Superior Testing: Managing Production

July 30, 2019

The testing process does not magically stop after deploying an artifact. We’ve only just begun. It is impossible to check everything in a sandboxed environment. From a certain perspective it seems like the whole run time is the testing process. How is it possible to check the correctness without tests? Right — by running the thing. We do the same in production — just on a bigger scale and with bigger risks.

Testing in a controlled environment is trivial. After all — we see the result. If tests are in place we see it as a report or an output in an IDE. If not — we can analyze the output like a UI or a text. We don’t see things in production. Imagine the application as a pure function. A user supplies inputs (files, text, clicks, swipes) and consumes outputs (different files, UI, UX). The code is in between, it owns neither inputs nor outputs. What do we do? Introduce side-effects in a form of monitoring.

Analytics

Business values usually are covered with analytics events. Otherwise, it is tricky to identify good and not so good spots in business-related flows. Technical metrics are important as well! There is a small trick though — it is undesirable to mix business and technical analytics in the same pool. Most of the time product-related people do not care about technical details.

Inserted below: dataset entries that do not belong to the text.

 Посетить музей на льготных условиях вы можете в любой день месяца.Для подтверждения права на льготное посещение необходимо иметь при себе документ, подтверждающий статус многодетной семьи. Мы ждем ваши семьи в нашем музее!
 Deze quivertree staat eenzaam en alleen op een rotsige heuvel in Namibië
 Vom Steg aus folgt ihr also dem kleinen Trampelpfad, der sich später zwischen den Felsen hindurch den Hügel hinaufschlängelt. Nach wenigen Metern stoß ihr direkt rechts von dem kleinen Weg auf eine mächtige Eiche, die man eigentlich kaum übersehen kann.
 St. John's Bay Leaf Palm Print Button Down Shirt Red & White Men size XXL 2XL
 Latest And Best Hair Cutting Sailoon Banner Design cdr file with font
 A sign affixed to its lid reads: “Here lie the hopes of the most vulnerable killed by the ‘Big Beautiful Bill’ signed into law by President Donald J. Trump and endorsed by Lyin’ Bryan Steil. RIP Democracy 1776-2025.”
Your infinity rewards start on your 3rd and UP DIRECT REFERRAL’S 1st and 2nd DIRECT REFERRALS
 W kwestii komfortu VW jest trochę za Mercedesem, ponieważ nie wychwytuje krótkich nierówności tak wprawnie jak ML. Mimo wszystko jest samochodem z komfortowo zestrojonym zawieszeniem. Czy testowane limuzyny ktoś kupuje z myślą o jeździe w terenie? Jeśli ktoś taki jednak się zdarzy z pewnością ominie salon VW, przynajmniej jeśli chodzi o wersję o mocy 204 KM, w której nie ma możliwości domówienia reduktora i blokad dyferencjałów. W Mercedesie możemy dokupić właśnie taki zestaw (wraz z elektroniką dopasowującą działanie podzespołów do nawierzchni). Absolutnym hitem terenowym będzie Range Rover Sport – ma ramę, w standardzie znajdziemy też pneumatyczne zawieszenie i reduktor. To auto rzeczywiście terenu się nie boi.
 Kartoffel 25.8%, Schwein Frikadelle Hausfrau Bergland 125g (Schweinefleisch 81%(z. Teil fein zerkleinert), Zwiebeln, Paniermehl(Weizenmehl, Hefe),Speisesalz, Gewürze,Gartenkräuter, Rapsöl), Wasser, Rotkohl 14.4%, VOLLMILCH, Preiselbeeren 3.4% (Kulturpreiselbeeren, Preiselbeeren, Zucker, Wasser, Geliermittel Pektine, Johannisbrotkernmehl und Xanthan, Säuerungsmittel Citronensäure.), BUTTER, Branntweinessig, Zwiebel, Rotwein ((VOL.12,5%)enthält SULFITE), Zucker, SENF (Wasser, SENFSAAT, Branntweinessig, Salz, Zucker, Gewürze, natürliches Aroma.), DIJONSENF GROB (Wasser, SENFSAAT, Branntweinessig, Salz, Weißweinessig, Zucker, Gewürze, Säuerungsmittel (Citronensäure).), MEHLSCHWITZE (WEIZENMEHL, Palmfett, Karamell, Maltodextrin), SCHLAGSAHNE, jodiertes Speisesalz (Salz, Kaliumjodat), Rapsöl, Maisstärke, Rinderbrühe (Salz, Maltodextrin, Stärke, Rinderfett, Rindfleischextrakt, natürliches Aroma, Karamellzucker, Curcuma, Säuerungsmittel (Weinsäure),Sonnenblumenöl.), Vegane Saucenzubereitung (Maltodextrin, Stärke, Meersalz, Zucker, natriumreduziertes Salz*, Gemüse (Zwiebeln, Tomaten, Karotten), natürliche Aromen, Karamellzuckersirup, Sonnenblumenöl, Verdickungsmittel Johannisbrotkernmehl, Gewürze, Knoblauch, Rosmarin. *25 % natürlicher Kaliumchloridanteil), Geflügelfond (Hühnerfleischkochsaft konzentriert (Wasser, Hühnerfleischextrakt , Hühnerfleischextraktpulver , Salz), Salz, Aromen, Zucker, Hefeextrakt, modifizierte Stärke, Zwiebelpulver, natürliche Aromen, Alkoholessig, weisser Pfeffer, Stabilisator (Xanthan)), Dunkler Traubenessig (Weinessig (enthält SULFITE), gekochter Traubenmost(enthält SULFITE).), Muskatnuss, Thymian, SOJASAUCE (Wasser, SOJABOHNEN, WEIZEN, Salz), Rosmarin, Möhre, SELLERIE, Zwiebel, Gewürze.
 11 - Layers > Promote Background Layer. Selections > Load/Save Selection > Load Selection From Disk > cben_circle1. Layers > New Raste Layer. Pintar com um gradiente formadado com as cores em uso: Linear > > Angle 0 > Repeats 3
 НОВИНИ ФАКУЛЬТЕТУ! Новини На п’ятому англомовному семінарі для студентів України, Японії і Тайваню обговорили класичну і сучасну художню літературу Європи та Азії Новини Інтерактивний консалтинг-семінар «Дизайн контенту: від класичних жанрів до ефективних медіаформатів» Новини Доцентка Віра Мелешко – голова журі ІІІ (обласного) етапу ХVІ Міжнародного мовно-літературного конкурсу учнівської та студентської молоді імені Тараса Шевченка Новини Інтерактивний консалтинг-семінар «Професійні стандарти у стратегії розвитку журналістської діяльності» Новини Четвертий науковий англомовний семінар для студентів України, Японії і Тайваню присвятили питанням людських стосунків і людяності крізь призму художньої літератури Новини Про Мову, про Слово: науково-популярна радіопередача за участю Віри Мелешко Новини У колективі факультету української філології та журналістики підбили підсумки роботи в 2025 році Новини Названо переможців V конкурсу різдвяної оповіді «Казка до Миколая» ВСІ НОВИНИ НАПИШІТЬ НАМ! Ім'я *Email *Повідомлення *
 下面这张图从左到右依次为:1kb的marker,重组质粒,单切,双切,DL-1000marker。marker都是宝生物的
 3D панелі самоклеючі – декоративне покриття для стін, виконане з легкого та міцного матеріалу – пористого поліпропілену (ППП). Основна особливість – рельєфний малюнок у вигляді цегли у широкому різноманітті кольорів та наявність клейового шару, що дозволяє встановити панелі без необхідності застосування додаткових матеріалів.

There are great tools on the market doing what we need — like Fabric Answers and Google Analytics for Firebase. Both provide dedicated analytics storage for tech-specific needs. What do we put there?

Such characteristics help to see a bigger picture and make argumented decisions.

Logging

For reasons unknown a lot of developers neglect logs. Do they match a category of archaic tech? No idea. Well-structured logs are far more powerful than analytics. The key to power is changing the logging mindset. Think about logs not as a wall of text (OH HAI Android Logs) but as a database.

Let’s imagine that we got a nasty crash. Having a stacktrace is helpful but in non-obvious situations it is not trivial to understand what went wrong. It is great to have logs in this scenario. Having them as a plain text is not so great. What do we do if we want to take a range from one date to another? Or take a look at all HTTP requests made from a device this month? Or analyze how often we get 500 HTTP errors from a specific endpoint?

Enter the ELK (Elastic) Stack. Extremely popular in the backend world it is not so well-known in the mobile one. I’m gonna skip the general introduction — there is literally an infinity of guides.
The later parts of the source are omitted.